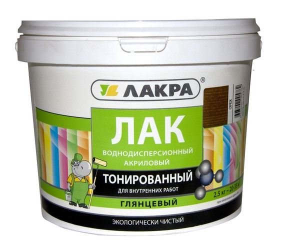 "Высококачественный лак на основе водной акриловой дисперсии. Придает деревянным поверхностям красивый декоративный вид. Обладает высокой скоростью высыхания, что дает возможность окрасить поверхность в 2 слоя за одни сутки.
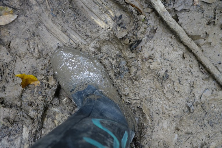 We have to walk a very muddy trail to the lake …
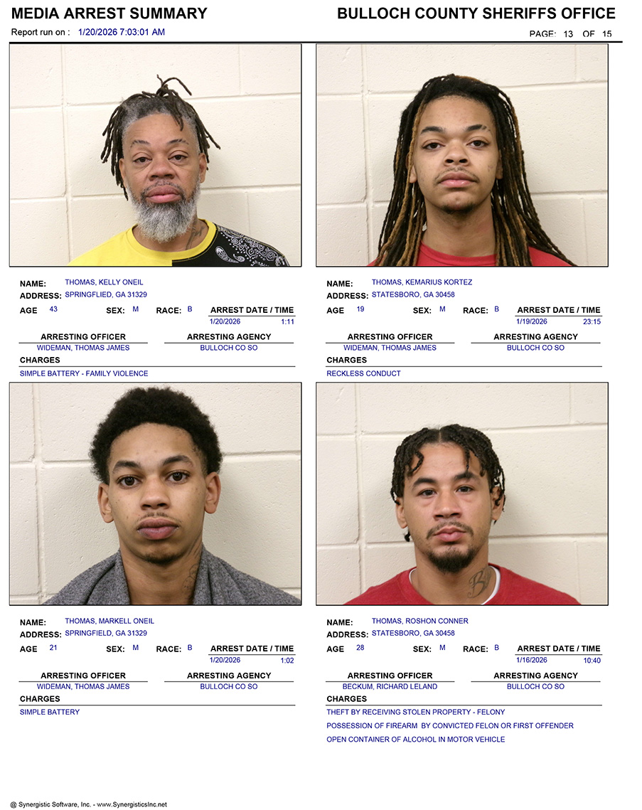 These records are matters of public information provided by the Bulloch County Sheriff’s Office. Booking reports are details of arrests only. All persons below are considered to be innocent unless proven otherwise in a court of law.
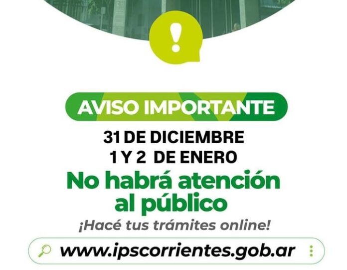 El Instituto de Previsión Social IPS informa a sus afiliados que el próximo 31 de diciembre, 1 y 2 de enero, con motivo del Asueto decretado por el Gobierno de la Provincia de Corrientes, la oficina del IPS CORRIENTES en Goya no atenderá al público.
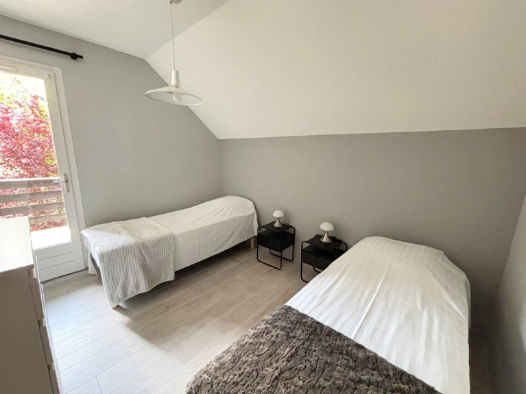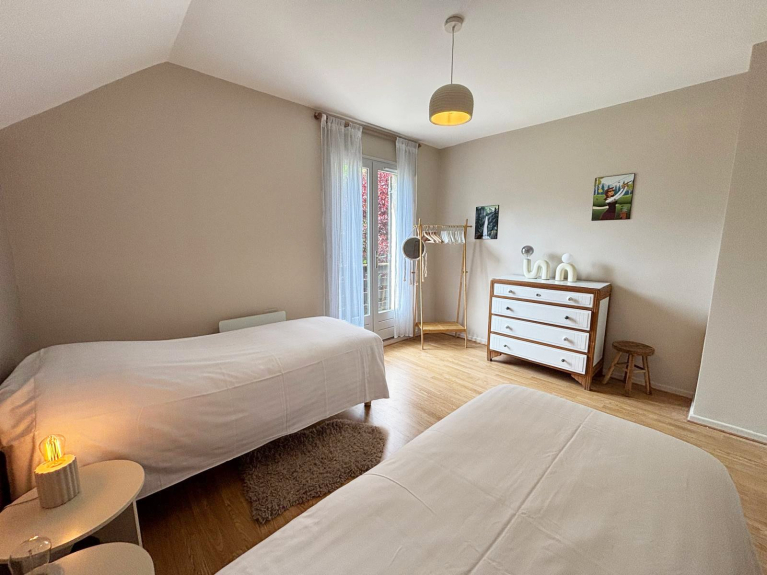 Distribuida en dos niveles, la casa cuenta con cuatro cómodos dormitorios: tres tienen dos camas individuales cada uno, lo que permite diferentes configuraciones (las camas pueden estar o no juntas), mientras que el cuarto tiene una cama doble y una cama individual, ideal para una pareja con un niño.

^^^^^^^^

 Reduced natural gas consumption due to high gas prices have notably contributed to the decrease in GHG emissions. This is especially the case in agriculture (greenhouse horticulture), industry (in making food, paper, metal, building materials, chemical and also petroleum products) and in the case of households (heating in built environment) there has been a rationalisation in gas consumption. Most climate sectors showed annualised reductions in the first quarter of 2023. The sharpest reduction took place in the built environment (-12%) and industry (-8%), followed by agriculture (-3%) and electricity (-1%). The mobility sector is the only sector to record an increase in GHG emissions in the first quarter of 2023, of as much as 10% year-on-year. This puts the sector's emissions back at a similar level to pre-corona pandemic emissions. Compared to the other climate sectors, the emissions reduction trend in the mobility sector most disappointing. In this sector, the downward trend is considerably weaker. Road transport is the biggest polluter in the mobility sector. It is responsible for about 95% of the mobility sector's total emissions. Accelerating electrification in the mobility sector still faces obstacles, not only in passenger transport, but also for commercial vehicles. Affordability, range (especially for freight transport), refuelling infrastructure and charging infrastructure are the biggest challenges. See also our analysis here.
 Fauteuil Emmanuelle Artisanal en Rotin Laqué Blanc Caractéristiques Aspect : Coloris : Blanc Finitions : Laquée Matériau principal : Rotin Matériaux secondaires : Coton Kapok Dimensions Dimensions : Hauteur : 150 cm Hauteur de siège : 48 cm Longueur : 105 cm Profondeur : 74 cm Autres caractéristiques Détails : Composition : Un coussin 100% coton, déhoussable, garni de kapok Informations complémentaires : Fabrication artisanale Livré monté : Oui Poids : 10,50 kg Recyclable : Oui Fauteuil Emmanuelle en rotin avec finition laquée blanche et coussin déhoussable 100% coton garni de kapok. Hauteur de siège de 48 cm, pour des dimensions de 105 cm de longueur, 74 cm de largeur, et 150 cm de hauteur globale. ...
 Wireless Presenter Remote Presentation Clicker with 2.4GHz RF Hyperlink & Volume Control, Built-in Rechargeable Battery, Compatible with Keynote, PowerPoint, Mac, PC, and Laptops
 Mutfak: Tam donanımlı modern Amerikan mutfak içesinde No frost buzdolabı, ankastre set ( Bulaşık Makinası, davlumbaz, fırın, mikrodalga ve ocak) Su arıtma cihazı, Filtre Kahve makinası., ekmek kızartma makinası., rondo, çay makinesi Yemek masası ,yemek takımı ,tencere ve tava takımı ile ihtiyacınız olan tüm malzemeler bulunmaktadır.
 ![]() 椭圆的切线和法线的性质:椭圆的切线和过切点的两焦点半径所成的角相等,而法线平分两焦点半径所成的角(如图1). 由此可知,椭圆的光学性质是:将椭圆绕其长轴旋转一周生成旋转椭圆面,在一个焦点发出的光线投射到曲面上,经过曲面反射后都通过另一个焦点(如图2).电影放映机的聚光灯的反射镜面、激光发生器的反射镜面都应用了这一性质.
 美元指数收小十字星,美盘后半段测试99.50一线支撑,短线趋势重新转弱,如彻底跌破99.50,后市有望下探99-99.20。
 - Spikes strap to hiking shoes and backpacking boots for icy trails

^^^^^^^^

**TASK DESCRIPTION**
Above are the records; copy exactly the lines from the one with "за одни сутки." through the one with "We have to walk", including both, and nothing more. Leave out pictures.

**TASK ANSWER**
 "Высококачественный лак на основе водной акриловой дисперсии. Придает деревянным поверхностям красивый декоративный вид. Обладает высокой скоростью высыхания, что дает возможность окрасить поверхность в 2 слоя за одни сутки.
 We have to walk a very muddy trail to the lake …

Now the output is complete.